Good can be good, but is the greater good if dead in the end.

That says a lot.[/quote]

It's a very loose parallel to the allegory of Jesus, no doubt, but it's very.. very loose. And I'm not even talking about the philosophical debate that could be had surrounding the events of the game and biblical story structure. I'm talking about logical outcomes for a war against a foe that has been built up to the point that it has in Mass Effect. Shepard already died once and that was against the Reapers lesser minions, I can't imagine that he/she will live through the events of this final chapter without some major hoop jumping.

[quote]Yes, the perfect way Bioware can design the third one is to have the life of Shepherd and the others live or die depending on the choices made in the previous two. Thats the way it should be designed, but to say that having Shepherd die strengthens the story is distasteful, especially considering that in other genres of literature and fantasy games it ended up like Im presenting it - like Lord of the Rings. Certain people died, yes, but guess what? The good guys won and they lived. They went on with their lives.

Acceptable losses are tolerable if their acceptable. You dont have to have a near-impossible foe kill off everyone or just leave a few people alive to have a great story. [/quote]

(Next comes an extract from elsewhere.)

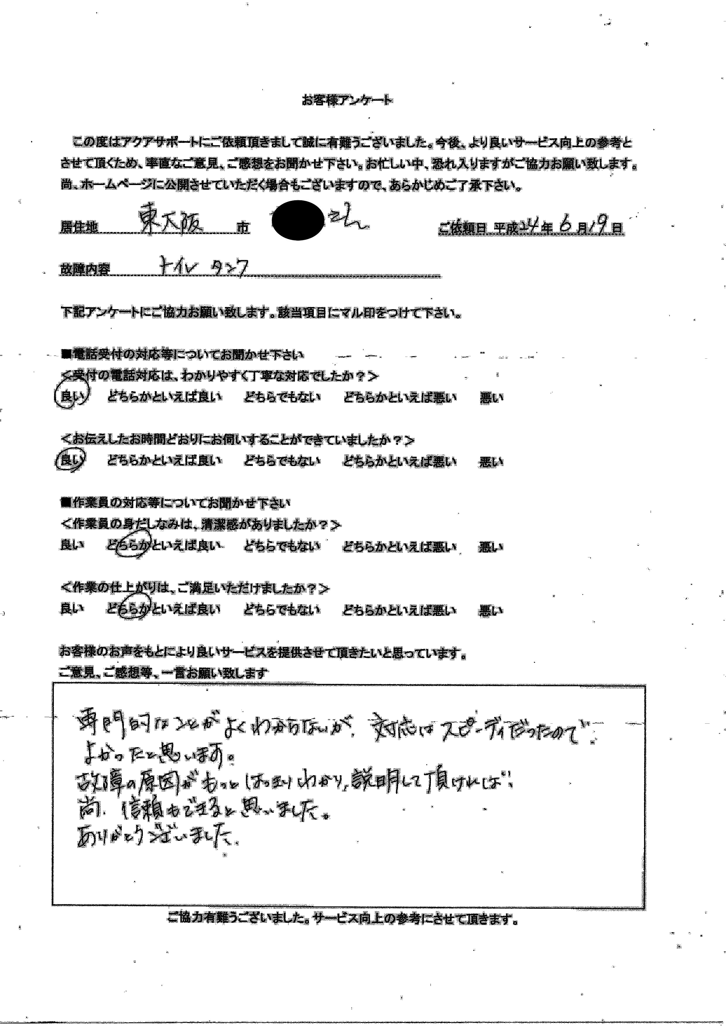 故障の原因がもっとはっきりわかり、説明して頂ければ尚信頼できると思いました。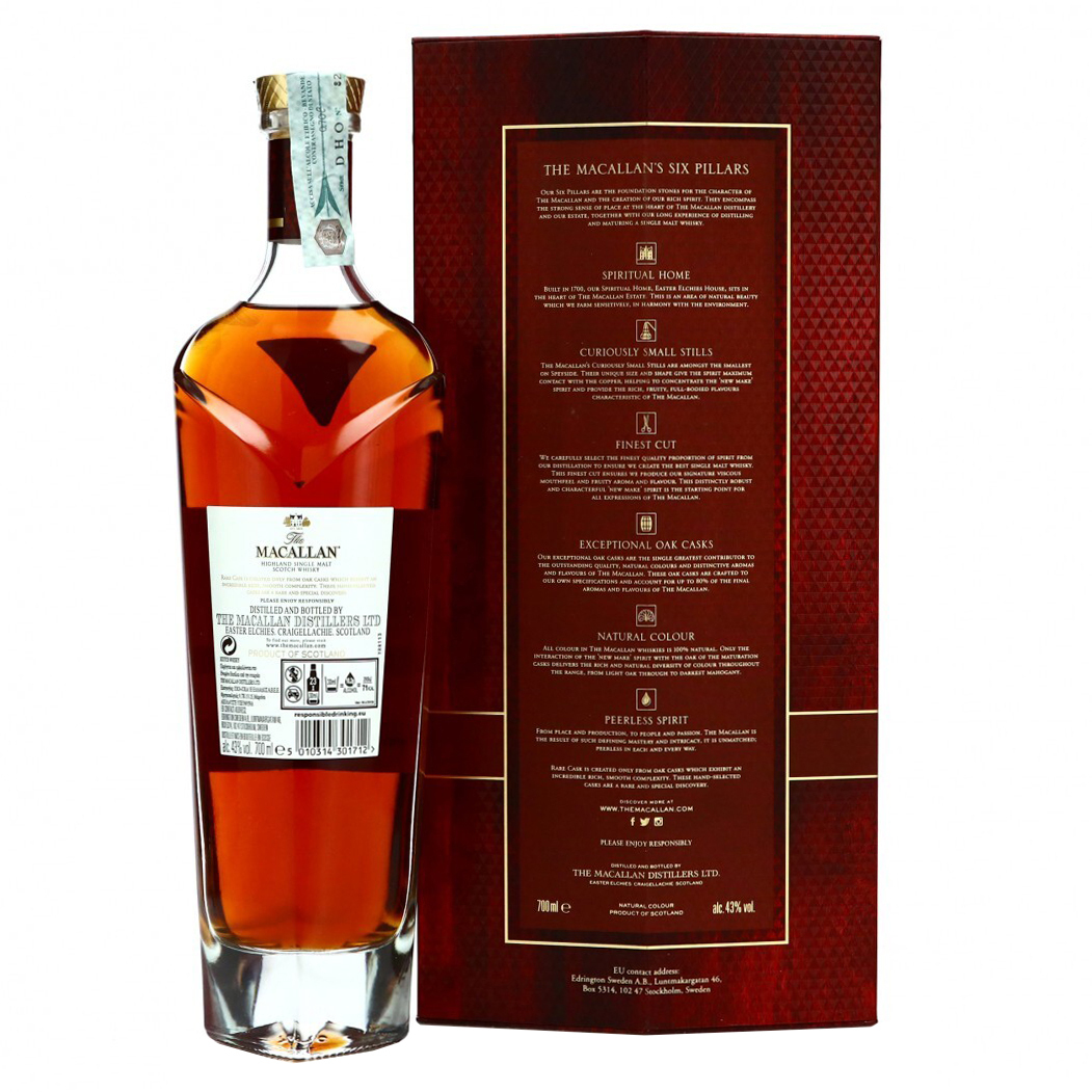 The Macallan Rare Cask takes its name from the extremely rare Spanish sherry seasoned oak casks which are hand selected by the Master Distiller at the Macallan Distillery. This specially selected oak helps mature the single malt whisky into a complex dram, with changing layers of fruit, sweet chocolate and soft vanilla.

And how is the bolded distasteful?  Really, you need to read some classic literature, much of it is riddled with character death, sorrow and tragedy along with happiness life and love.  Most of the best works I've ever read, that really had an impact on my reading life, were works that balanced those aspects.  Shepard dieing at the end wouldn't be distasteful unless you just can't stand your super hero being bested while still completeing their mission.  I'm assuming you never played ME2 with a total failure ending where Shepard dies and leaves Joker hanging on his own..  That's a great end for that story, although incomplete from the trilogly's standpoint.

And I never said that to have a great story you need to kill everyone off or have only a handful make it out, I was inferring that Shepard can die and it still be a great work of fiction. If the facts surrounding his survival are sound and don't seem like cop outs, I'll accept them just fine.  But in the way I see this story, those better be some pretty amazing plot points to escape the gravity of the situation that he/she faces.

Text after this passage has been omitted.